Start of Data for this task

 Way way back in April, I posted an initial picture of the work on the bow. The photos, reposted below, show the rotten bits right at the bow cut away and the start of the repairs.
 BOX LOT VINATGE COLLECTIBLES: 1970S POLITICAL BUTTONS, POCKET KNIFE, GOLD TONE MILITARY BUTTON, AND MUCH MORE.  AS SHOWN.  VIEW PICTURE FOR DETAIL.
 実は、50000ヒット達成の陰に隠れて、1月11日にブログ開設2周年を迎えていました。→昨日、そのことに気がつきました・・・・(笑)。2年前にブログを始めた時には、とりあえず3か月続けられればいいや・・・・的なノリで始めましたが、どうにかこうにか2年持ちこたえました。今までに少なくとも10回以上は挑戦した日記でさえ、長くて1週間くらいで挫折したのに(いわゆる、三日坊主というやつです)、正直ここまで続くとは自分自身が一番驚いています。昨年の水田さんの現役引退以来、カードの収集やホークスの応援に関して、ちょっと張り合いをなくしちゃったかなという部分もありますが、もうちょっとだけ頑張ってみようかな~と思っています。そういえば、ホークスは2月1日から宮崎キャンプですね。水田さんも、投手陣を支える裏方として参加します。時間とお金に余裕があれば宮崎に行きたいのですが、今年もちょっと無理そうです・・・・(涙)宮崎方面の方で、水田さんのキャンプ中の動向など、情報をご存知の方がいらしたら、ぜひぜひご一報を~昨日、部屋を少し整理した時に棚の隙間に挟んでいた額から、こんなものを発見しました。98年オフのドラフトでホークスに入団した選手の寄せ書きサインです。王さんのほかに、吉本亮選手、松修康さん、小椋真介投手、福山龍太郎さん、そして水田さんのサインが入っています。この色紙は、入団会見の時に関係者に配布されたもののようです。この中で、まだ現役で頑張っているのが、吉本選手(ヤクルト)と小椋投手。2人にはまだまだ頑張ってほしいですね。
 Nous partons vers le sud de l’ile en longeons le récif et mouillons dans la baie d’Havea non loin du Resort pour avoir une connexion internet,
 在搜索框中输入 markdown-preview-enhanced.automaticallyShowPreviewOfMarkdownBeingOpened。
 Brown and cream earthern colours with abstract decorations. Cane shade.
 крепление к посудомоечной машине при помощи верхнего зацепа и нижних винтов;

End of Data for this task
Start of Data for this task

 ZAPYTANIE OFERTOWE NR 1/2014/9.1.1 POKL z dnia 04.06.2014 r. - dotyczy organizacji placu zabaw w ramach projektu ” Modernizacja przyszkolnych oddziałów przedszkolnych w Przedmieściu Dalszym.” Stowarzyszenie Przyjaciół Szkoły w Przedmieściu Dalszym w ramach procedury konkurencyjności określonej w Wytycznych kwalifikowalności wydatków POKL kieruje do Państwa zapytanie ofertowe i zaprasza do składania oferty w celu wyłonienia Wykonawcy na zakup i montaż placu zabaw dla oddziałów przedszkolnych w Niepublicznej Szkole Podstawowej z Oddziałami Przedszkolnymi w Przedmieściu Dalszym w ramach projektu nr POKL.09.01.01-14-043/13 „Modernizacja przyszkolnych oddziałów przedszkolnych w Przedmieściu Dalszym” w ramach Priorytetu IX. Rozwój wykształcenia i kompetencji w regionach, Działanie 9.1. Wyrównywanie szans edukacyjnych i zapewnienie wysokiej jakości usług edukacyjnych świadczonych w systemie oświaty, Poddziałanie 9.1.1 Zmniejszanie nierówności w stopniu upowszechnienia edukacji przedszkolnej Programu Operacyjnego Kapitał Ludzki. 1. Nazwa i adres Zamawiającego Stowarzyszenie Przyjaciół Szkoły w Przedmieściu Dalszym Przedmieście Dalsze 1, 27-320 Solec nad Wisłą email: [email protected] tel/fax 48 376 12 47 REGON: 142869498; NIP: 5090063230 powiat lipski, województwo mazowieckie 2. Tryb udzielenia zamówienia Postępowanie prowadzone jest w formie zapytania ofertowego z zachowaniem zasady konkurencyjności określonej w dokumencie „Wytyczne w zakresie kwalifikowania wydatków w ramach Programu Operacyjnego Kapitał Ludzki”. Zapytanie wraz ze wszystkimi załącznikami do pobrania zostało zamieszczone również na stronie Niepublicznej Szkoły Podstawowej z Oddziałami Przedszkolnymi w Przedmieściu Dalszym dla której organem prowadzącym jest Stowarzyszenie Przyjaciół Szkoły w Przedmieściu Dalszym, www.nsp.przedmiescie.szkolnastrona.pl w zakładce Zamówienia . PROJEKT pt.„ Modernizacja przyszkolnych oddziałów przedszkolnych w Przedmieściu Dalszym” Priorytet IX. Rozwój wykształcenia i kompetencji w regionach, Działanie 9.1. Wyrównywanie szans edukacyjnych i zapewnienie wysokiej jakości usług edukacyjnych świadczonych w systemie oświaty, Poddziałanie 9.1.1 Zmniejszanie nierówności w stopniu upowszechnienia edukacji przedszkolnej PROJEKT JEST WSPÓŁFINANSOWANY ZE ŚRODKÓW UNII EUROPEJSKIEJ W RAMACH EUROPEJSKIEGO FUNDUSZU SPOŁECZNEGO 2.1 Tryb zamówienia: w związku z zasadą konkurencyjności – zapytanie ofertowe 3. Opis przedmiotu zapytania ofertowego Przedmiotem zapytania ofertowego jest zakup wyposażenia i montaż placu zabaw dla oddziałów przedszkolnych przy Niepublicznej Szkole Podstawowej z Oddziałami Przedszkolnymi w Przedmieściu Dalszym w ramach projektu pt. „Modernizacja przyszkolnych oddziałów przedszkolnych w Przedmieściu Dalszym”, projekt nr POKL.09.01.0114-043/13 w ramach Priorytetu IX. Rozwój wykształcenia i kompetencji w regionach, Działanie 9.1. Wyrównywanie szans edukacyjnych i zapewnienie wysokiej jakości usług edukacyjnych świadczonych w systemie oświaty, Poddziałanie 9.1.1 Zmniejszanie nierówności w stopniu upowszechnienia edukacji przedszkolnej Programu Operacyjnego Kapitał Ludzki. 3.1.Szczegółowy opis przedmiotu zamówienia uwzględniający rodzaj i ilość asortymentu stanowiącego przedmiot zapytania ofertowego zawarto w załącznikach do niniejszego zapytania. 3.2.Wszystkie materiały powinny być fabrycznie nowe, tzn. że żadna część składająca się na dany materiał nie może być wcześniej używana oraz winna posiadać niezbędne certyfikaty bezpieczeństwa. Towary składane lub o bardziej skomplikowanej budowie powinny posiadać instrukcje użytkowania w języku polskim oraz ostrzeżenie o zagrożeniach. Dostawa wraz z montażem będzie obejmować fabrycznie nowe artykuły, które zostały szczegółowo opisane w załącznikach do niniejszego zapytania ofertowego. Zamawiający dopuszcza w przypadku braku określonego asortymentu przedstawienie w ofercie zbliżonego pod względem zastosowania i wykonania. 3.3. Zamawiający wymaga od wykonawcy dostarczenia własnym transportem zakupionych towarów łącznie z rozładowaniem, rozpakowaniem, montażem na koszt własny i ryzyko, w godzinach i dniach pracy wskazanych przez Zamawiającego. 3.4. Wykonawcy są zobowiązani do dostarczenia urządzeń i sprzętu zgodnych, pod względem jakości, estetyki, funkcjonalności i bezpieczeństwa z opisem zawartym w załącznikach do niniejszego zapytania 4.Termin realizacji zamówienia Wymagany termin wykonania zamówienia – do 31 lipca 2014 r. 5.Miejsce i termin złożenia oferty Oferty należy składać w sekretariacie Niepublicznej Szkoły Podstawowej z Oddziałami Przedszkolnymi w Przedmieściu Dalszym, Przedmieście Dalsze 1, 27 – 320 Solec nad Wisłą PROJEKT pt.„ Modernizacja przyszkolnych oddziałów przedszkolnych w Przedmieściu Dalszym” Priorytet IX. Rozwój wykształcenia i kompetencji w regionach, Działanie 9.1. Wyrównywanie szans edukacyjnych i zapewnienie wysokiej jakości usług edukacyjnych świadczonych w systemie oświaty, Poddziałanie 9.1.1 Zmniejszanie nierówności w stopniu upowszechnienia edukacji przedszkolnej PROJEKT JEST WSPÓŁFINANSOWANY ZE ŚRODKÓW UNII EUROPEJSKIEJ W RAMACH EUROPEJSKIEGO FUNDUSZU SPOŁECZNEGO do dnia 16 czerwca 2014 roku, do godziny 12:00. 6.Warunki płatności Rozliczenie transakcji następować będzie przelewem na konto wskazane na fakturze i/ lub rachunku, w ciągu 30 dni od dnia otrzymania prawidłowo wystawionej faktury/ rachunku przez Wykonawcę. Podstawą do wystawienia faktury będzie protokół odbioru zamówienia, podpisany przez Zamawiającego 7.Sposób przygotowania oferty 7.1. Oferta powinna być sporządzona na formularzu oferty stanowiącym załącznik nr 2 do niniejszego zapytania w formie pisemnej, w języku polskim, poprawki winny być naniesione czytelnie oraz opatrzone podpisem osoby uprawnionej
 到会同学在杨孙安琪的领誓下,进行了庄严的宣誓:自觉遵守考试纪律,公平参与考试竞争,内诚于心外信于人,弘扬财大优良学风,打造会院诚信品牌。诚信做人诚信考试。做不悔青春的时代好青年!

End of Data for this task
Start of Data for this task

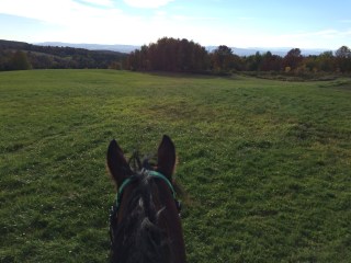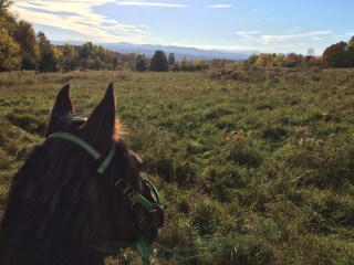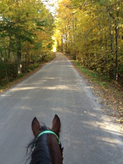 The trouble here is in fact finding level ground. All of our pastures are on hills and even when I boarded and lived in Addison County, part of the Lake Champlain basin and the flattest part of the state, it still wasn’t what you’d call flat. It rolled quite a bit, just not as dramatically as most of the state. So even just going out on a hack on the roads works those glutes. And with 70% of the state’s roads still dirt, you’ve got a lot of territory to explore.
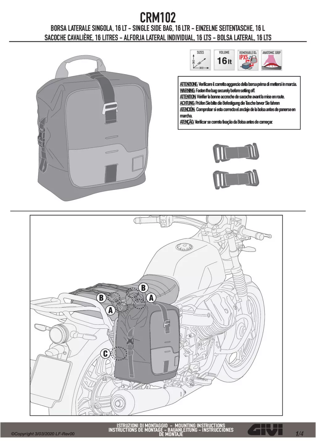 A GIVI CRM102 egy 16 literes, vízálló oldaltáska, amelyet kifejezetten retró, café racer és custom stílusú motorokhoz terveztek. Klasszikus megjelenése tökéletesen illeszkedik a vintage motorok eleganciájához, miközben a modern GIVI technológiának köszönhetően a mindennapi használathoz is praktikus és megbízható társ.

End of Data for this task

Your task: Copy verbatim, from the listing above, each line from the one containing "Way way back" down to the one containing "крепление к посудомоечной", inclusive.

Result of this exercise:
 Way way back in April, I posted an initial picture of the work on the bow. The photos, reposted below, show the rotten bits right at the bow cut away and the start of the repairs.
 BOX LOT VINATGE COLLECTIBLES: 1970S POLITICAL BUTTONS, POCKET KNIFE, GOLD TONE MILITARY BUTTON, AND MUCH MORE.  AS SHOWN.  VIEW PICTURE FOR DETAIL.
 実は、50000ヒット達成の陰に隠れて、1月11日にブログ開設2周年を迎えていました。→昨日、そのことに気がつきました・・・・(笑)。2年前にブログを始めた時には、とりあえず3か月続けられればいいや・・・・的なノリで始めましたが、どうにかこうにか2年持ちこたえました。今までに少なくとも10回以上は挑戦した日記でさえ、長くて1週間くらいで挫折したのに(いわゆる、三日坊主というやつです)、正直ここまで続くとは自分自身が一番驚いています。昨年の水田さんの現役引退以来、カードの収集やホークスの応援に関して、ちょっと張り合いをなくしちゃったかなという部分もありますが、もうちょっとだけ頑張ってみようかな~と思っています。そういえば、ホークスは2月1日から宮崎キャンプですね。水田さんも、投手陣を支える裏方として参加します。時間とお金に余裕があれば宮崎に行きたいのですが、今年もちょっと無理そうです・・・・(涙)宮崎方面の方で、水田さんのキャンプ中の動向など、情報をご存知の方がいらしたら、ぜひぜひご一報を~昨日、部屋を少し整理した時に棚の隙間に挟んでいた額から、こんなものを発見しました。98年オフのドラフトでホークスに入団した選手の寄せ書きサインです。王さんのほかに、吉本亮選手、松修康さん、小椋真介投手、福山龍太郎さん、そして水田さんのサインが入っています。この色紙は、入団会見の時に関係者に配布されたもののようです。この中で、まだ現役で頑張っているのが、吉本選手(ヤクルト)と小椋投手。2人にはまだまだ頑張ってほしいですね。
 Nous partons vers le sud de l’ile en longeons le récif et mouillons dans la baie d’Havea non loin du Resort pour avoir une connexion internet,
 在搜索框中输入 markdown-preview-enhanced.automaticallyShowPreviewOfMarkdownBeingOpened。
 Brown and cream earthern colours with abstract decorations. Cane shade.
 крепление к посудомоечной машине при помощи верхнего зацепа и нижних винтов;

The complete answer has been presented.